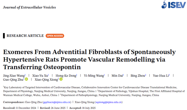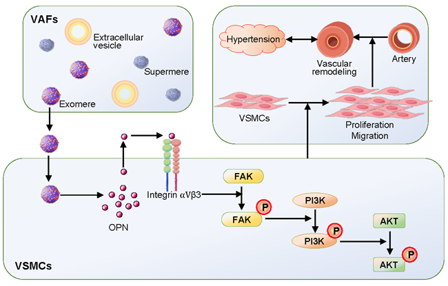 近日,基礎醫學院生理學系心血管實驗室朱國慶教授團隊在《細胞外囊泡雜志》(Journal of Extracellular Vesicles)發表了題為《自發性高血壓大鼠外膜成纖維細胞來源的外泌顆粒通過轉運骨橋蛋白促進血管重構》(Exomeres from adventitial fibroblasts of spontaneously hypertensive rats promote vascular remodelling via transferring osteopontin)的研究論文,發現自發性高血壓大鼠的血管外膜成纖維細胞釋放外泌顆粒(exomeres,EMs),通過轉運骨橋蛋白激活整合素αVβ3/FAK/PI3K/AKT信號通路,促進血管平滑肌細胞增殖和遷移,促進血管重構和加重高血壓,表明自發性高血壓大鼠的血管外膜成纖維細胞釋放的EMs在高血壓和血管重構中起重要作用,干預血管的骨橋蛋白和EMs可能是減輕高血壓血管重構的潛在治療策略。
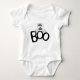Un esqueleto y texto que dice "BOO" en camisetas de Skeleton Boo Halloween, bolsos de truco o regalo, tarjetas, pegatinas, tazas, imanes y otros artículos de diseño esqueletos de Halloween.
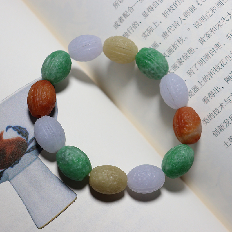 • [名  称] 糯冰种三彩翡翠花生手串(单件)
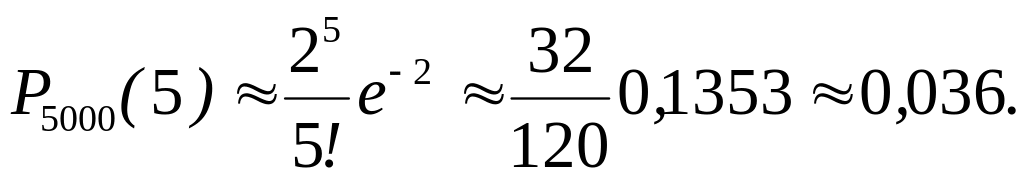 При этом чем больше число п и меньше число р, тем точнее результат по этой формуле. По условию задачи n = 5000, m = 5, р = 0,0004. Тогда λ = 5000·0,0004 = 2. Применяя (3), получим
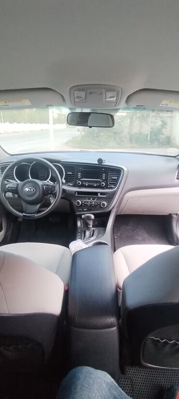 Kia Optima sedan - Kuzov: ağ rəng, 4 qapı, yüngül lehimli disklər - Mühərrik/emblemlər: arxa qapaqda “2.0” və “EX” nişanları görünür - Transmissiya: avtomat (mərkəz konsolda P-R-N-D ardıcıllığı) -...

####################

* [Work to complete]: Pictures stay out of this copy; write out the entries above exactly.

* [Task answer]:
 近日,基礎醫學院生理學系心血管實驗室朱國慶教授團隊在《細胞外囊泡雜志》(Journal of Extracellular Vesicles)發表了題為《自發性高血壓大鼠外膜成纖維細胞來源的外泌顆粒通過轉運骨橋蛋白促進血管重構》(Exomeres from adventitial fibroblasts of spontaneously hypertensive rats promote vascular remodelling via transferring osteopontin)的研究論文,發現自發性高血壓大鼠的血管外膜成纖維細胞釋放外泌顆粒(exomeres,EMs),通過轉運骨橋蛋白激活整合素αVβ3/FAK/PI3K/AKT信號通路,促進血管平滑肌細胞增殖和遷移,促進血管重構和加重高血壓,表明自發性高血壓大鼠的血管外膜成纖維細胞釋放的EMs在高血壓和血管重構中起重要作用,干預血管的骨橋蛋白和EMs可能是減輕高血壓血管重構的潛在治療策略。
Un esqueleto y texto que dice "BOO" en camisetas de Skeleton Boo Halloween, bolsos de truco o regalo, tarjetas, pegatinas, tazas, imanes y otros artículos de diseño esqueletos de Halloween.
 • [名  称] 糯冰种三彩翡翠花生手串(单件)
 При этом чем больше число п и меньше число р, тем точнее результат по этой формуле. По условию задачи n = 5000, m = 5, р = 0,0004. Тогда λ = 5000·0,0004 = 2. Применяя (3), получим
 Kia Optima sedan - Kuzov: ağ rəng, 4 qapı, yüngül lehimli disklər - Mühərrik/emblemlər: arxa qapaqda “2.0” və “EX” nişanları görünür - Transmissiya: avtomat (mərkəz konsolda P-R-N-D ardıcıllığı) -...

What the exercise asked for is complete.